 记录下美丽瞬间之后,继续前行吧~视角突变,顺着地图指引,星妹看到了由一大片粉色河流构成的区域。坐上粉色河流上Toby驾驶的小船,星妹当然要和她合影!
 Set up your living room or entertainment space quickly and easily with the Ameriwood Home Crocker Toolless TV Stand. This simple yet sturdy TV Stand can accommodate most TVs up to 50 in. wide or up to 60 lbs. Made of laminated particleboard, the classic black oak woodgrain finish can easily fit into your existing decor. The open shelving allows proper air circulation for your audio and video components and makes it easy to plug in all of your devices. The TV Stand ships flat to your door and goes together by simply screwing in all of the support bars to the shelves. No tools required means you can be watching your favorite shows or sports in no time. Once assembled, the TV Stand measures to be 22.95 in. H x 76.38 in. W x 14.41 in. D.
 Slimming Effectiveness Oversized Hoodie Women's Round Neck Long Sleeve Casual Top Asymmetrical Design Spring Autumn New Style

──────

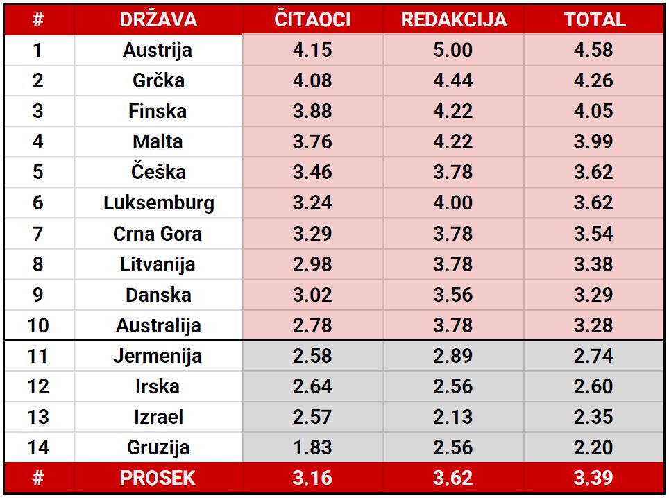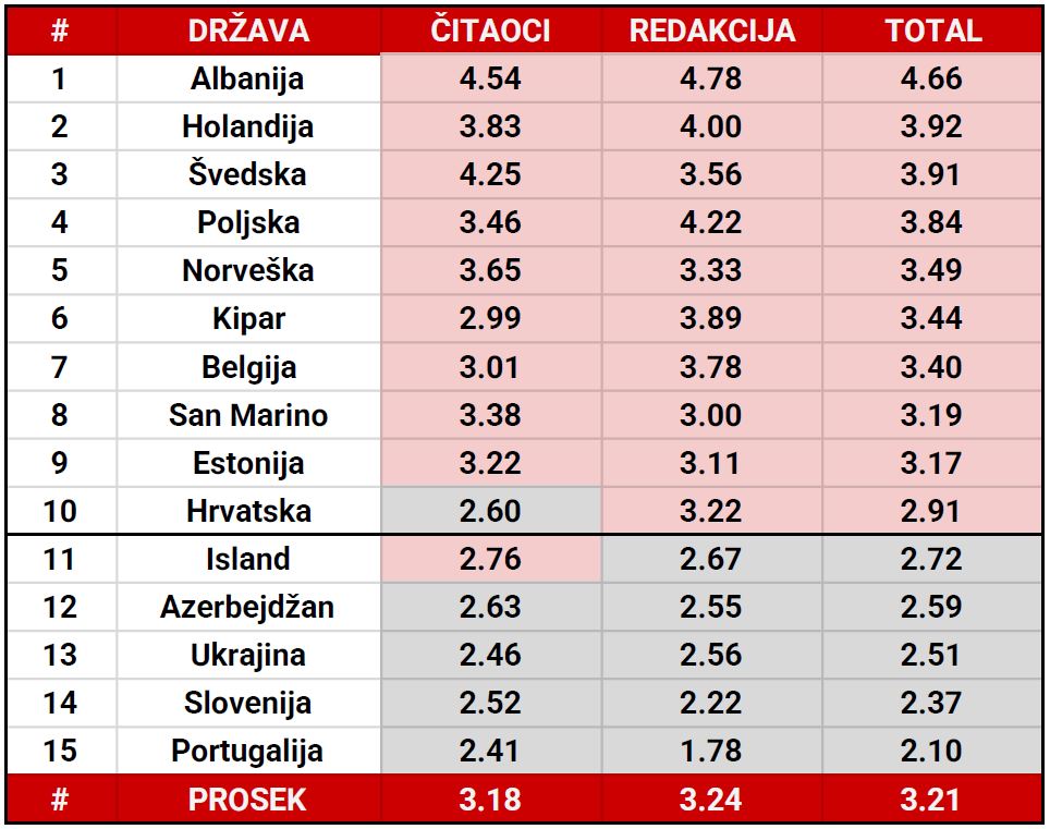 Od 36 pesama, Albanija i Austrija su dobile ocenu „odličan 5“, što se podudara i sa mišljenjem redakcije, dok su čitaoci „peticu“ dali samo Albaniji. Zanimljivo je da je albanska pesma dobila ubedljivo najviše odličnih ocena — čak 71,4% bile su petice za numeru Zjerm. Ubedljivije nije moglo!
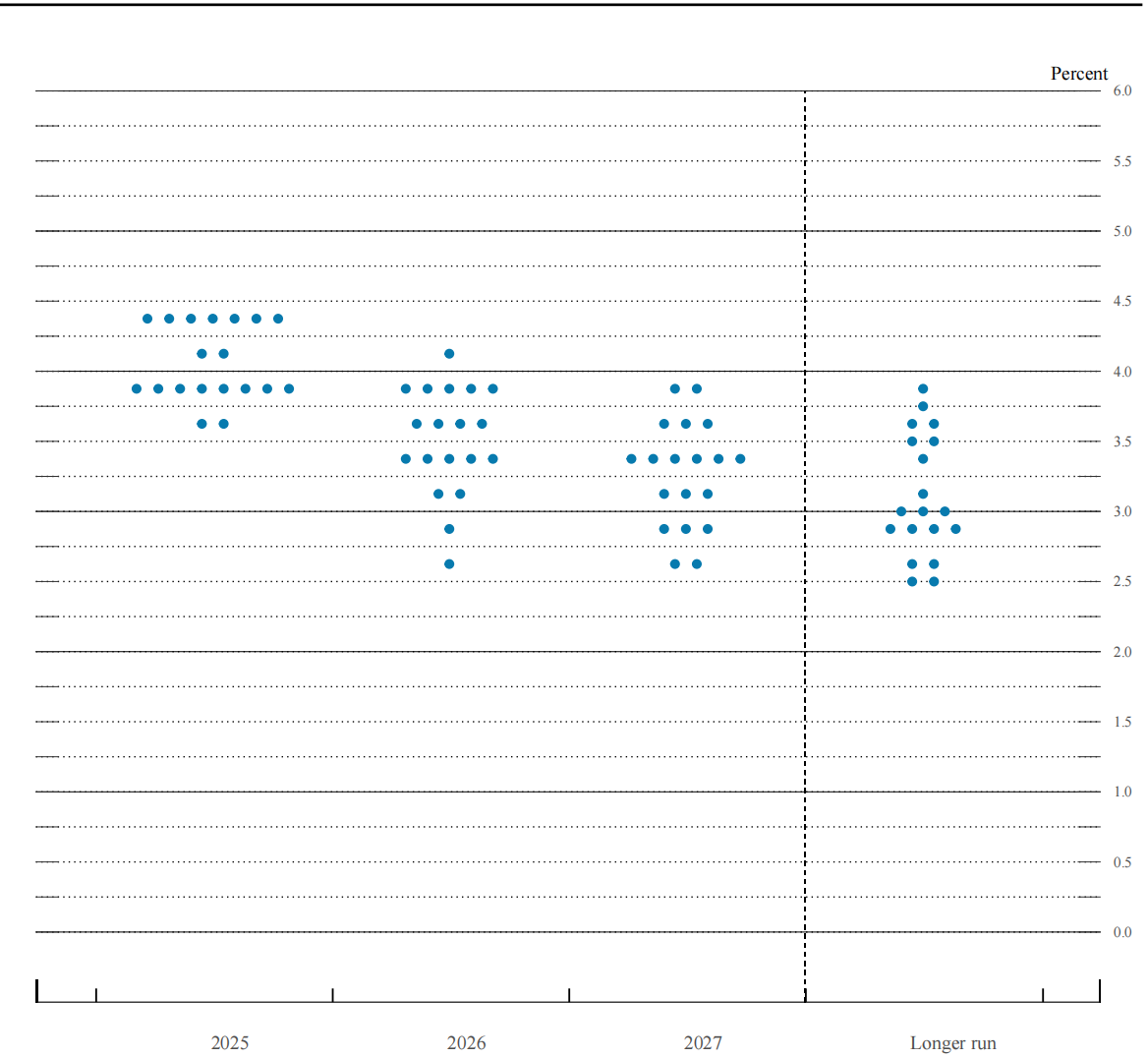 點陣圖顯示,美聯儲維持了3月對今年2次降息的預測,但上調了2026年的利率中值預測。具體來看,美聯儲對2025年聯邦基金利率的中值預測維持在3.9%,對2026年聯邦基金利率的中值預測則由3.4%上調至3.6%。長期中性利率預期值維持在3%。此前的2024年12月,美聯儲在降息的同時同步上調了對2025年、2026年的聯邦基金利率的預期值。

──────

» WHAT THIS TASK INVOLVES
Could you restate word for word the lines above from the one containing "Set up your" through the one containing "Slimming Effectiveness Oversized", both included, and nothing else?

» OUTPUT OF THE EXERCISE
 Set up your living room or entertainment space quickly and easily with the Ameriwood Home Crocker Toolless TV Stand. This simple yet sturdy TV Stand can accommodate most TVs up to 50 in. wide or up to 60 lbs. Made of laminated particleboard, the classic black oak woodgrain finish can easily fit into your existing decor. The open shelving allows proper air circulation for your audio and video components and makes it easy to plug in all of your devices. The TV Stand ships flat to your door and goes together by simply screwing in all of the support bars to the shelves. No tools required means you can be watching your favorite shows or sports in no time. Once assembled, the TV Stand measures to be 22.95 in. H x 76.38 in. W x 14.41 in. D.
 Slimming Effectiveness Oversized Hoodie Women's Round Neck Long Sleeve Casual Top Asymmetrical Design Spring Autumn New Style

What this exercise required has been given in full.